This isn't unique to Strut. Subscription telehealth is an industry-wide issue. But Strut has more complaints about it than some competitors, and knowing the process upfront removes the risk.

Shipping, State Availability, and Insurance

Quick answers to the operational questions.

How fast does Strut ship?

We found three different shipping timelines on Strut's own pages:

  • Product comparison card: ships in 7–10 days
  • FAQ: medications arrive in about 2 business days after physician authorization
  • Support article: injectable medications ship within 7 days of approval; other compounded meds typically ship within 24 hours and arrive within 2 business days

Customer reviews generally describe receiving medication within about a week of completing their consultation.

What states does Strut serve?

Strut's physicians are licensed in all 50 states. However, certain compounded medications have state-specific restrictions. As of September 2024, Strut's documentation noted they could not ship to Arkansas for certain products due to state compounding laws. Always verify your state's eligibility during the consultation process.

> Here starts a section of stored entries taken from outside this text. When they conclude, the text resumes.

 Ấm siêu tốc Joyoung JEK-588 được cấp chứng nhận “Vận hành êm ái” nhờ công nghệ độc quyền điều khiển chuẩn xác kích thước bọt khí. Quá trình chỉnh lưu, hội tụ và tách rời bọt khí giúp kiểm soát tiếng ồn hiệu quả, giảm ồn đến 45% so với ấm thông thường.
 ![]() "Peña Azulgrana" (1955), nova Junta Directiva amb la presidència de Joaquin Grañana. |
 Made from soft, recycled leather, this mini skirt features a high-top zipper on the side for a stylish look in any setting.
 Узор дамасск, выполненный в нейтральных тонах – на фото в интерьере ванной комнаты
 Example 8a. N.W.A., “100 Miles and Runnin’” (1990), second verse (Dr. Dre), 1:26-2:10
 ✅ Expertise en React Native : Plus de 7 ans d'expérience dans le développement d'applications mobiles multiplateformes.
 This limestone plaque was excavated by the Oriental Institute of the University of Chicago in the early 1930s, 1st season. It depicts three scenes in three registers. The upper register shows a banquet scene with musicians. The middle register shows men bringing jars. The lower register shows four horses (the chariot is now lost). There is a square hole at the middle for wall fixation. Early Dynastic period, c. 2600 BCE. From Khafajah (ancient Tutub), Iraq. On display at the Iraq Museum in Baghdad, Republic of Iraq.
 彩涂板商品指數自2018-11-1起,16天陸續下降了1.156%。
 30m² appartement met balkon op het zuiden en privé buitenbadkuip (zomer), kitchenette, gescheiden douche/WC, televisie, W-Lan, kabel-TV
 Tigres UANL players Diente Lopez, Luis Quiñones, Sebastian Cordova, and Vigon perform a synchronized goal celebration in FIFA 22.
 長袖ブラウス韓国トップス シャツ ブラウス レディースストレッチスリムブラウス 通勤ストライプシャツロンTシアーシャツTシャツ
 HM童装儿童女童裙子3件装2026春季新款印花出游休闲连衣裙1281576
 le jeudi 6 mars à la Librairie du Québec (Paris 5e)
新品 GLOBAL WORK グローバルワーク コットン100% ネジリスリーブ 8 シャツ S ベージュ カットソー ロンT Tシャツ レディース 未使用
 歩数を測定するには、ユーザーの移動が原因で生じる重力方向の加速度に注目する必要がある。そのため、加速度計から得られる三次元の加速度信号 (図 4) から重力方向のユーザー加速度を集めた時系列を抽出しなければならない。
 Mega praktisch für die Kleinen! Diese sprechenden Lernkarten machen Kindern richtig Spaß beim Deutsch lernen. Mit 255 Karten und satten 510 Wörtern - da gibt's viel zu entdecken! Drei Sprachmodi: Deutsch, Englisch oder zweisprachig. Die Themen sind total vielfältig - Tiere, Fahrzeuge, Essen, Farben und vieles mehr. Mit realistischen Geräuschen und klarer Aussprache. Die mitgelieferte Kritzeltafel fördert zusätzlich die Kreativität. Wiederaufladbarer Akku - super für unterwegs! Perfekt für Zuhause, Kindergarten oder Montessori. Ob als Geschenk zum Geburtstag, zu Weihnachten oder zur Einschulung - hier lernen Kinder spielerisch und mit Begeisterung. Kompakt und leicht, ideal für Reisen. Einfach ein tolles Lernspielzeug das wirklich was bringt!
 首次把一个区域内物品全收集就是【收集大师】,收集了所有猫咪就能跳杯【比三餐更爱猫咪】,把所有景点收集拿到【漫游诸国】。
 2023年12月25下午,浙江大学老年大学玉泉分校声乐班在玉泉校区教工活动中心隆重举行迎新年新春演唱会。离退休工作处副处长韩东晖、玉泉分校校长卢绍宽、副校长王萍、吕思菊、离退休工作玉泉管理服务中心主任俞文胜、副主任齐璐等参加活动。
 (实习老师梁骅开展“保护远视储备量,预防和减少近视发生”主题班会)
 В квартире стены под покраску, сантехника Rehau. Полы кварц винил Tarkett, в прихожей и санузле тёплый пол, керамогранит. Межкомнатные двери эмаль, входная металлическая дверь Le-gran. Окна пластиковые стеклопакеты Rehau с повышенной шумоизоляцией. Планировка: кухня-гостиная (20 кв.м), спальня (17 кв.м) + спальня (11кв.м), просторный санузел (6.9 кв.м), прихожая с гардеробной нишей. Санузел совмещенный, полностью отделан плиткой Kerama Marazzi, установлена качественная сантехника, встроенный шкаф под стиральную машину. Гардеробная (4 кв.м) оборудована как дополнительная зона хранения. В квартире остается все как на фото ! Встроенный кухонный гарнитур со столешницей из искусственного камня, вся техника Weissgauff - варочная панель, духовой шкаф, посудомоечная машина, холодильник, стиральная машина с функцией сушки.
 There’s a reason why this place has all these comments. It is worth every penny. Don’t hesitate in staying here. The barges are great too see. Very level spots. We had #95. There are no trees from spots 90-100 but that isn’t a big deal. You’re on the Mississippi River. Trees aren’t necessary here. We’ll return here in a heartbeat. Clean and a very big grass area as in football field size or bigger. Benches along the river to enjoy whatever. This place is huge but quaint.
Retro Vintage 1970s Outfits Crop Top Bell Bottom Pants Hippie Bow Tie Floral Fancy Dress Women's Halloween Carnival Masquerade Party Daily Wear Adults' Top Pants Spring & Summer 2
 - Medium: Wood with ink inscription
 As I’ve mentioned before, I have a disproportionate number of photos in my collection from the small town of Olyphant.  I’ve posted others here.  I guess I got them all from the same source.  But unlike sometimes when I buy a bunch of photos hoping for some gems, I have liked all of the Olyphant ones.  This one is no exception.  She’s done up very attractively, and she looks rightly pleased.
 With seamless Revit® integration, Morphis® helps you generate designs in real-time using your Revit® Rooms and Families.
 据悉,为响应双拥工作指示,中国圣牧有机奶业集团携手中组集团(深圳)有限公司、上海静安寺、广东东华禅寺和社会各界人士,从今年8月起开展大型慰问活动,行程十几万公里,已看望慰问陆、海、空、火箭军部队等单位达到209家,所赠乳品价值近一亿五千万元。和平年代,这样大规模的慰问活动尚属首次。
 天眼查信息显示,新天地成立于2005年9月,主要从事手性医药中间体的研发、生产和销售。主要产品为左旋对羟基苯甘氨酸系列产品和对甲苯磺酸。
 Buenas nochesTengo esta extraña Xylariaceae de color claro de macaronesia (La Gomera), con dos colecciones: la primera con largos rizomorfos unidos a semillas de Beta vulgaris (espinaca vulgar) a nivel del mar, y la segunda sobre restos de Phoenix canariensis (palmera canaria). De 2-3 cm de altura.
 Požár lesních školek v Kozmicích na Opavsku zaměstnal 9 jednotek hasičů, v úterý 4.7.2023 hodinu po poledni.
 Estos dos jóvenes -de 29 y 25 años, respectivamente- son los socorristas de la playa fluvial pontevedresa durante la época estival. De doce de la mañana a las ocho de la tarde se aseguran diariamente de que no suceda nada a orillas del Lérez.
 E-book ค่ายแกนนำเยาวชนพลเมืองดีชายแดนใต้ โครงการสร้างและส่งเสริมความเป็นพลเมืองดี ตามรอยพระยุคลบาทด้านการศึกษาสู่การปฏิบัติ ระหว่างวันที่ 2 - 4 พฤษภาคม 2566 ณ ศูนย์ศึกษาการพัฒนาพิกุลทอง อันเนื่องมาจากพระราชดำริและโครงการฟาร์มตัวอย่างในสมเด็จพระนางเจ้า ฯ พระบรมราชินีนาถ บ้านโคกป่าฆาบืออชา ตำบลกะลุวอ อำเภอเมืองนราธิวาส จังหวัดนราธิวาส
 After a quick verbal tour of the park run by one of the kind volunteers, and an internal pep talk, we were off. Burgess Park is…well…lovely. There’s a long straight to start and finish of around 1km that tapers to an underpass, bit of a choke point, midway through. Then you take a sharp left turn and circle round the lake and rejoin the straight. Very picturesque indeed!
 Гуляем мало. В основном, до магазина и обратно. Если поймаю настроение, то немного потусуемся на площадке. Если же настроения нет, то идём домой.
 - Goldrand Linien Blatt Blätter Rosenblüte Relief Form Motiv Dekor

Does Strut take insurance?

No. Strut operates on a cash-pay model. They do not bill insurance.

However, compounded GLP-1 medications may be eligible for HSA or FSA reimbursement depending on your specific plan. Check with your benefits administrator. See our guide: GLP-1 Providers That Accept HSA.

Can you use your own pharmacy?

Strut's FAQ indicates that in some cases, you may be able to transfer your prescription to another pharmacy, though a $40 physician consultation fee may apply. This is worth confirming directly with their support team if it matters to you.

Is Strut Health Safe? What to Verify Before You Order

This is a YMYL (Your Money or Your Life) question, so we're going to treat it with the seriousness it deserves.

What Strut says about safety

Strut states on their website that they work with U.S.-licensed physicians, U.S.-licensed compounding pharmacies, and that all active pharmaceutical ingredients are sourced from FDA-licensed facilities. They also state their compounding pharmacies perform sterility, potency, and purity testing on sterile compounds.

These are provider-stated claims. We have not independently audited Strut's pharmacy partners.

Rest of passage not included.